* **Collected data entries**
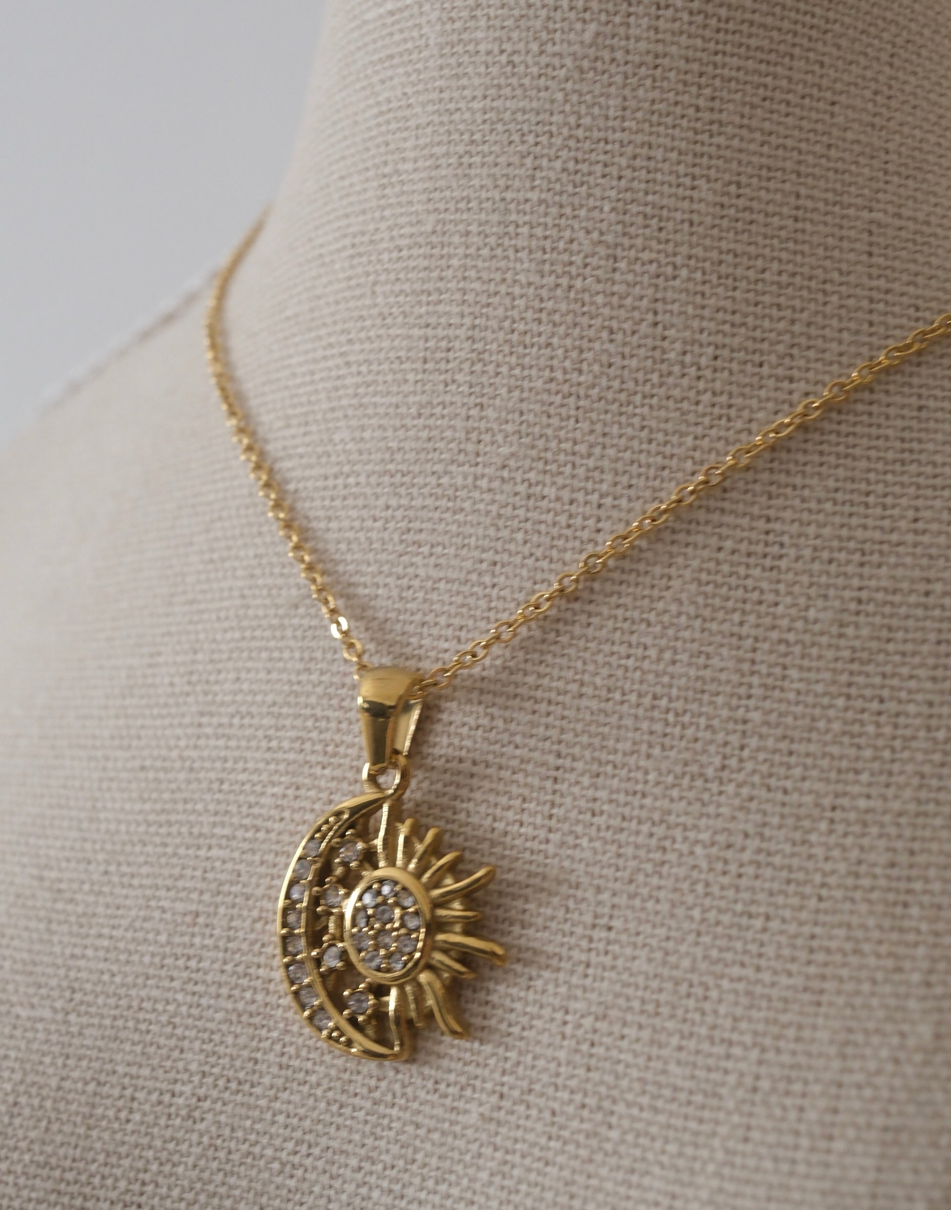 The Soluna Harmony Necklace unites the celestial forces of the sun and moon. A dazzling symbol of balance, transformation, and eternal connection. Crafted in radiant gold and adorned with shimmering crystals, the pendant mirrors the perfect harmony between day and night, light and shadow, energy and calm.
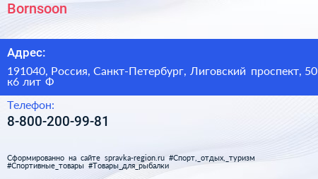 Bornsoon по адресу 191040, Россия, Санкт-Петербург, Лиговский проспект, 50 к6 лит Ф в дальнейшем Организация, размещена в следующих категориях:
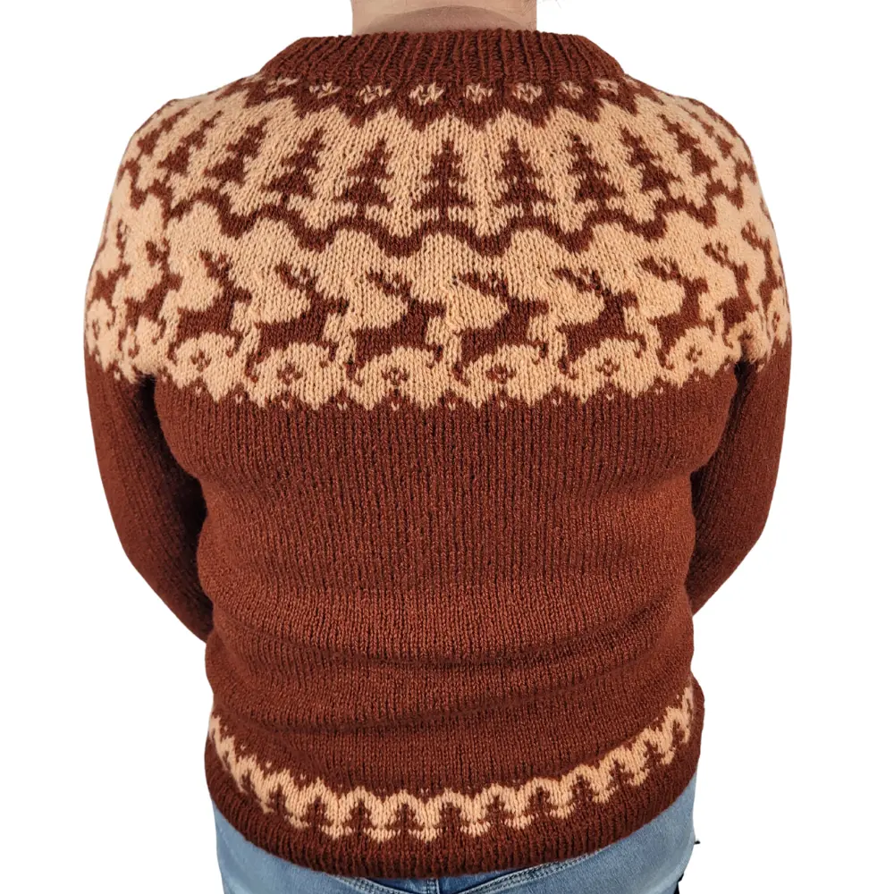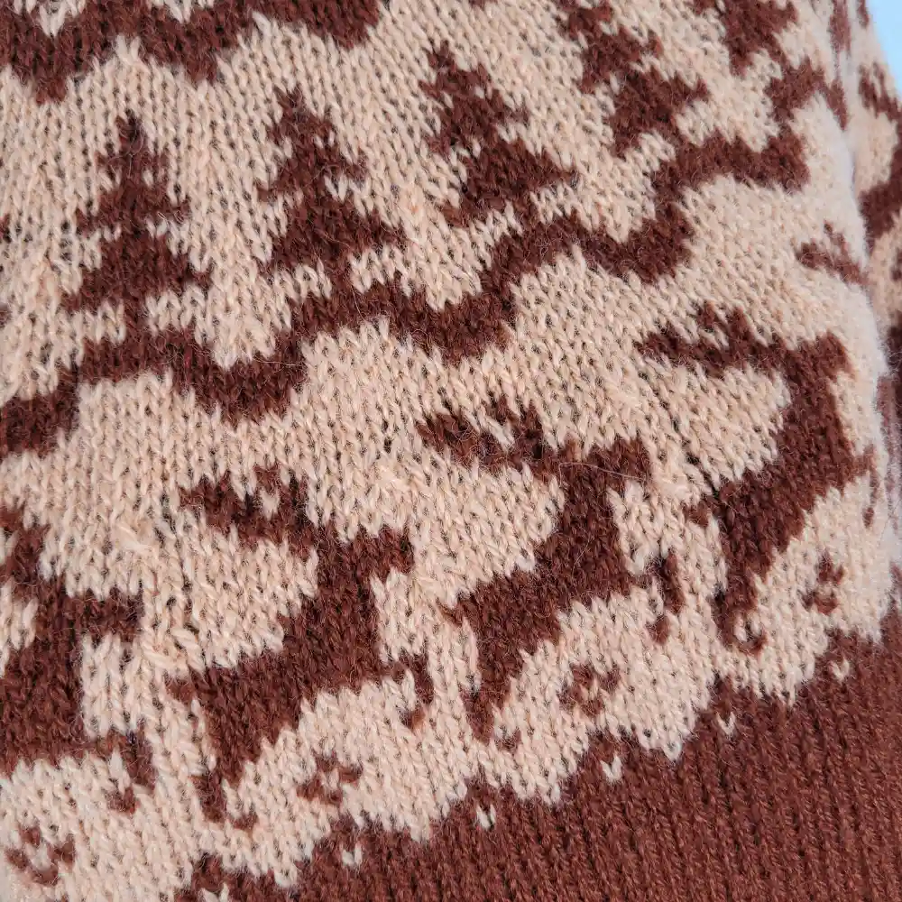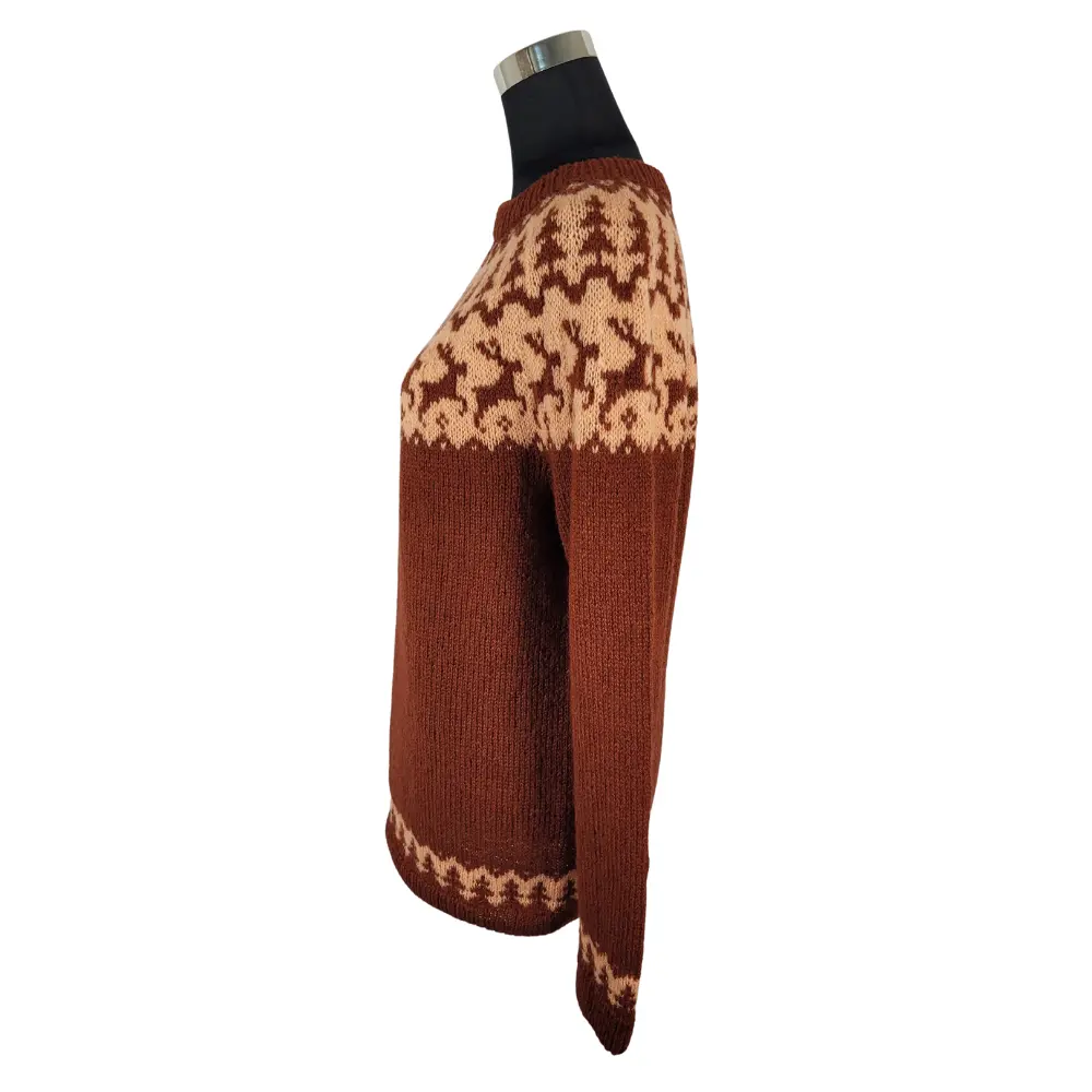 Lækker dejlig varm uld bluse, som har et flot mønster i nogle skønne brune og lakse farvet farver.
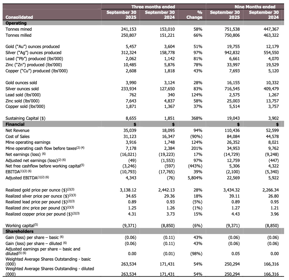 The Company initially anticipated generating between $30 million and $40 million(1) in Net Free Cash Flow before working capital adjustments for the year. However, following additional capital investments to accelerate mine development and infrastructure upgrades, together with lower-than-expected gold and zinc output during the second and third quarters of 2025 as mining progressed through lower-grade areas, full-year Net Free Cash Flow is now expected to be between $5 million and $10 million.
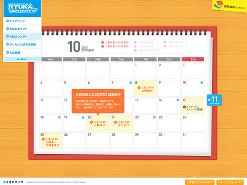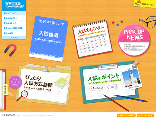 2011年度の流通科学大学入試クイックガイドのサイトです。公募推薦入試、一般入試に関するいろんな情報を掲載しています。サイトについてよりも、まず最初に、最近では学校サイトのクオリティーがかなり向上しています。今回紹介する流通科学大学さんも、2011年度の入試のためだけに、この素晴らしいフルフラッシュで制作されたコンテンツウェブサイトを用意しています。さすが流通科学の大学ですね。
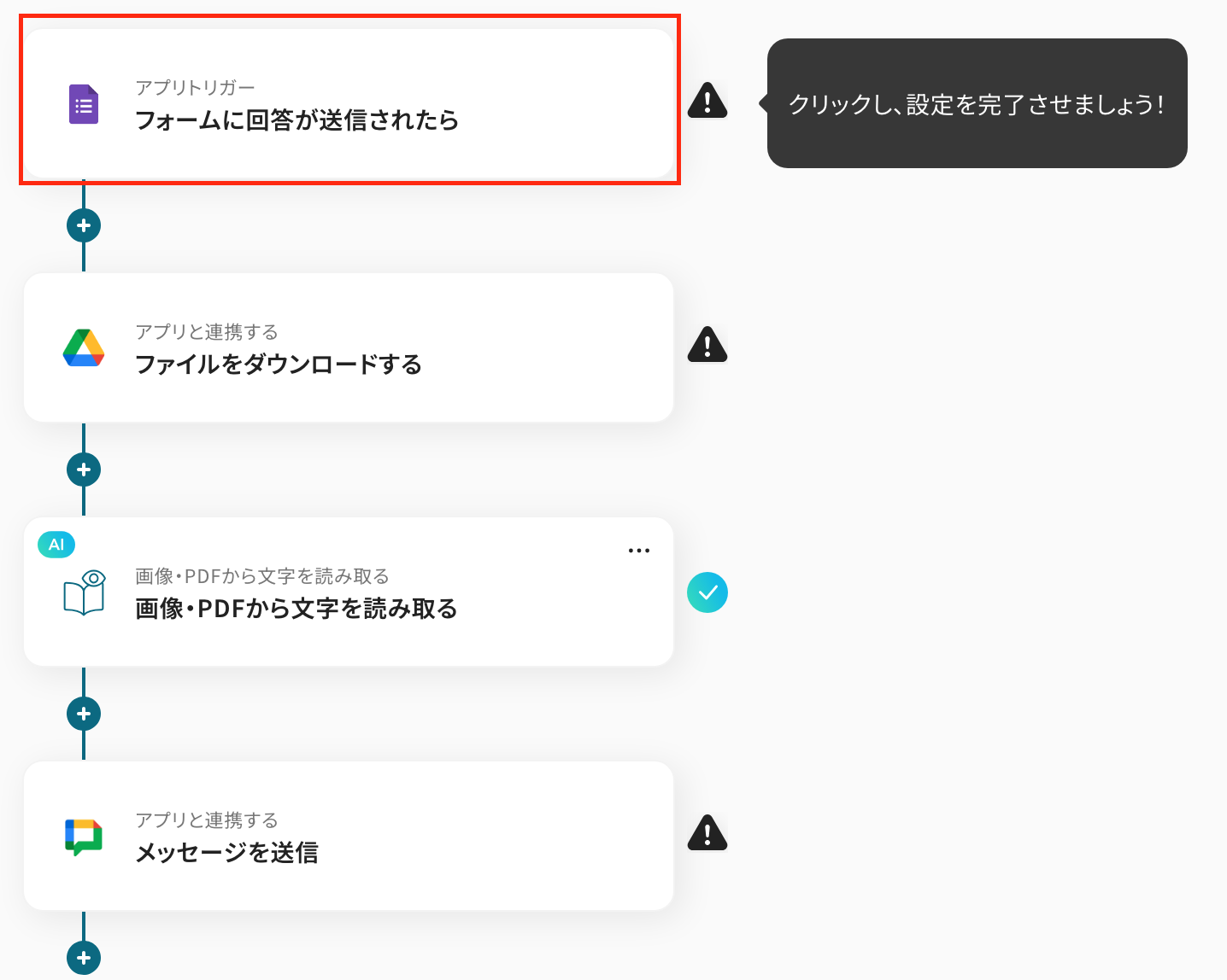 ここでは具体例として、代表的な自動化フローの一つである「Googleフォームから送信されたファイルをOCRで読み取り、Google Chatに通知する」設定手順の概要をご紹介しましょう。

* **WHAT THE TASK ASKS**
All the lines above should be reproduced exactly, and none of the pictures.

* **REPLY TO THE EXERCISE**
 The Soluna Harmony Necklace unites the celestial forces of the sun and moon. A dazzling symbol of balance, transformation, and eternal connection. Crafted in radiant gold and adorned with shimmering crystals, the pendant mirrors the perfect harmony between day and night, light and shadow, energy and calm.
 Bornsoon по адресу 191040, Россия, Санкт-Петербург, Лиговский проспект, 50 к6 лит Ф в дальнейшем Организация, размещена в следующих категориях:
 Lækker dejlig varm uld bluse, som har et flot mønster i nogle skønne brune og lakse farvet farver.
 The Company initially anticipated generating between $30 million and $40 million(1) in Net Free Cash Flow before working capital adjustments for the year. However, following additional capital investments to accelerate mine development and infrastructure upgrades, together with lower-than-expected gold and zinc output during the second and third quarters of 2025 as mining progressed through lower-grade areas, full-year Net Free Cash Flow is now expected to be between $5 million and $10 million.
 2011年度の流通科学大学入試クイックガイドのサイトです。公募推薦入試、一般入試に関するいろんな情報を掲載しています。サイトについてよりも、まず最初に、最近では学校サイトのクオリティーがかなり向上しています。今回紹介する流通科学大学さんも、2011年度の入試のためだけに、この素晴らしいフルフラッシュで制作されたコンテンツウェブサイトを用意しています。さすが流通科学の大学ですね。
 ここでは具体例として、代表的な自動化フローの一つである「Googleフォームから送信されたファイルをOCRで読み取り、Google Chatに通知する」設定手順の概要をご紹介しましょう。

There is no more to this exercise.